New White Paper on GRU Online Operations Puts Spotlight on Pseudo-Think Tanks - iron0013
https://cyber.fsi.stanford.edu/io/news/potemkin-pages-personas-blog
======
vectorEQ
Given the past news about facebook and fake data and users / trust issues
people have with them etc. etc. how seriously and with how much legitimacy can
one take a dataset from them?

further you read this: Analyses Performed: >>> Noting that the data provided
was already attributed to the GRU by Facebook <<< , researchers: • evaluated
the content within the folders (within Pages) • investigated relationships
across folders (between Pages) • evaluated the content, and closely-related
content, as it appeared elsewhere on the internet and on other social
networks, assessing narrative, authorship, and distribution patterns •
evaluated the content against the previously-provided SSCI IRA data set, to
ascertain the extent to which there were thematic, temporal, metadata, or
collateral-based similarities between the operations (this process is ongoing
and will be addressed further in subsequent papers). \----

So, researchers/investigators started their complete methodology based upon
the assumption facebook is/was correct in their attribution, didn't complete
their research, and subsequently went on to write a paper about it.
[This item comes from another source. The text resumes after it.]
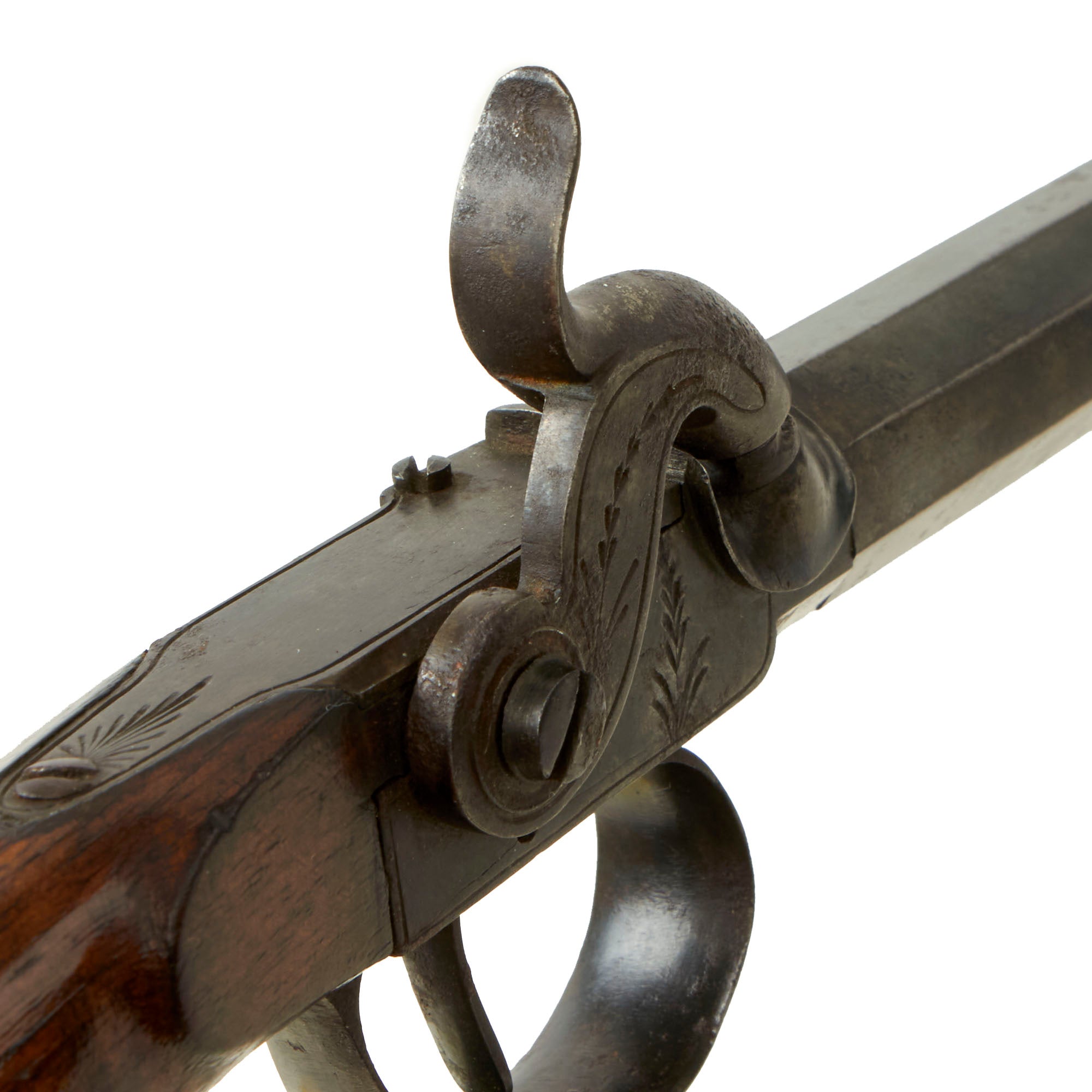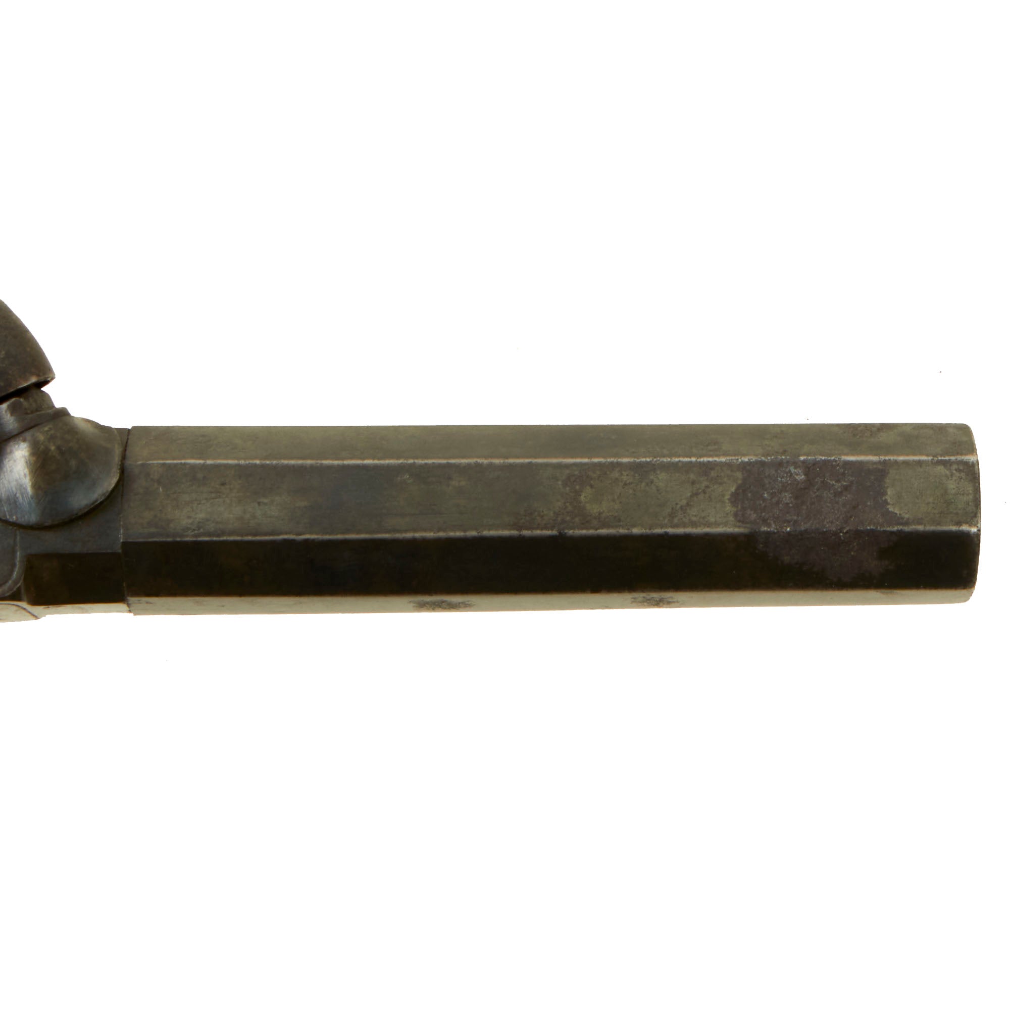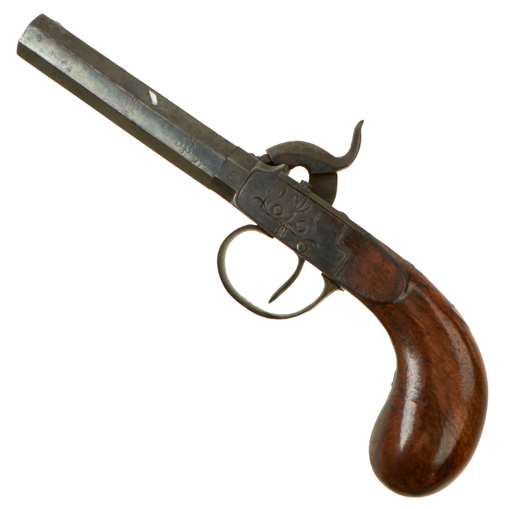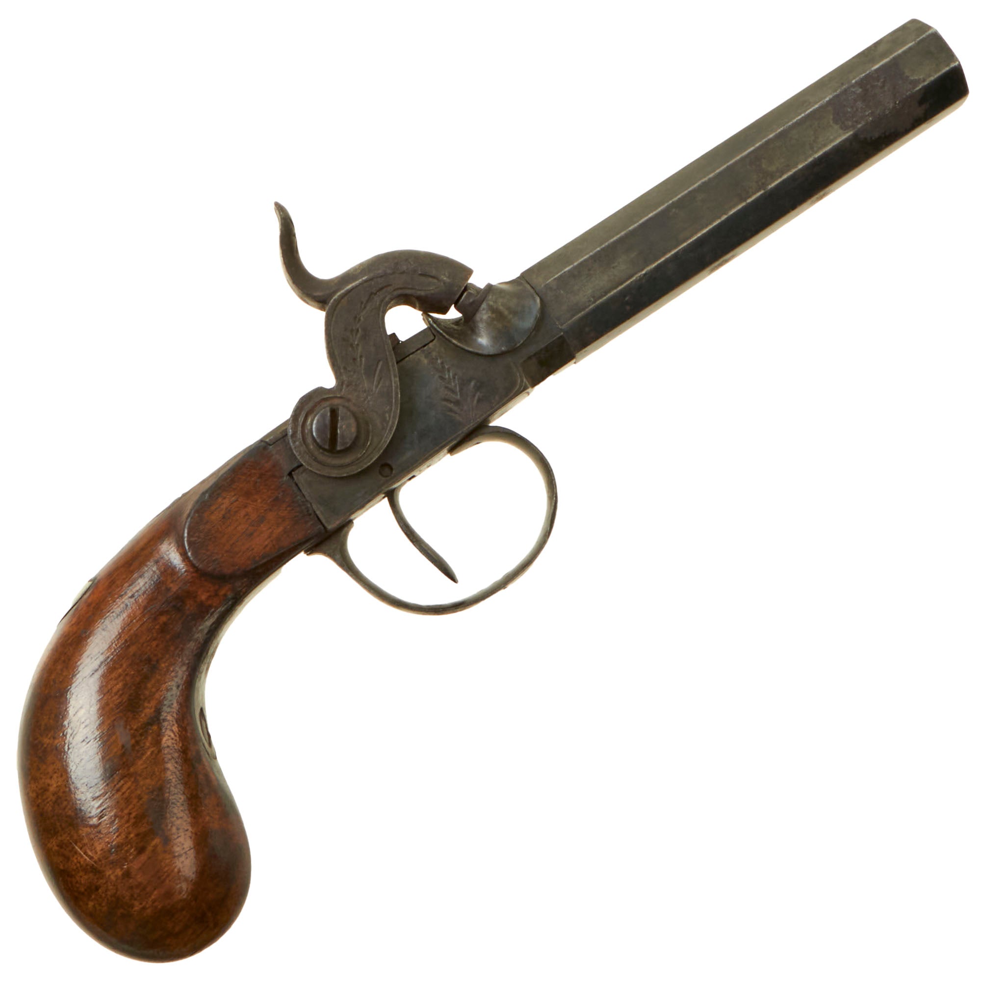 Original Item: Only One Available. This is a lovely percussion vest pistol, featuring an octagonal rifled "turn off" barrel and a lovely "bag" shaped wooden grip. The pistol was made in Liège, Belgium, almost certainly for the European and American export markets. These were quite popular for self-protection, and the small size made them easily concealable in a vest pocket. Pistols like this were equally at home on dark Streets of New York or of London in Victorian England.

Not saying theres no troll farms / fake news farms and other such practices,
by private and government entities, but every time someone post anyone about
it, the data is worthless, and often important items like how was this
attributed to a specific entity, are completely left out. What is anyone
supposed to take from such a write up?

There's nothing to learn, just to assume from it... - that's practically on
par with what they are writing about...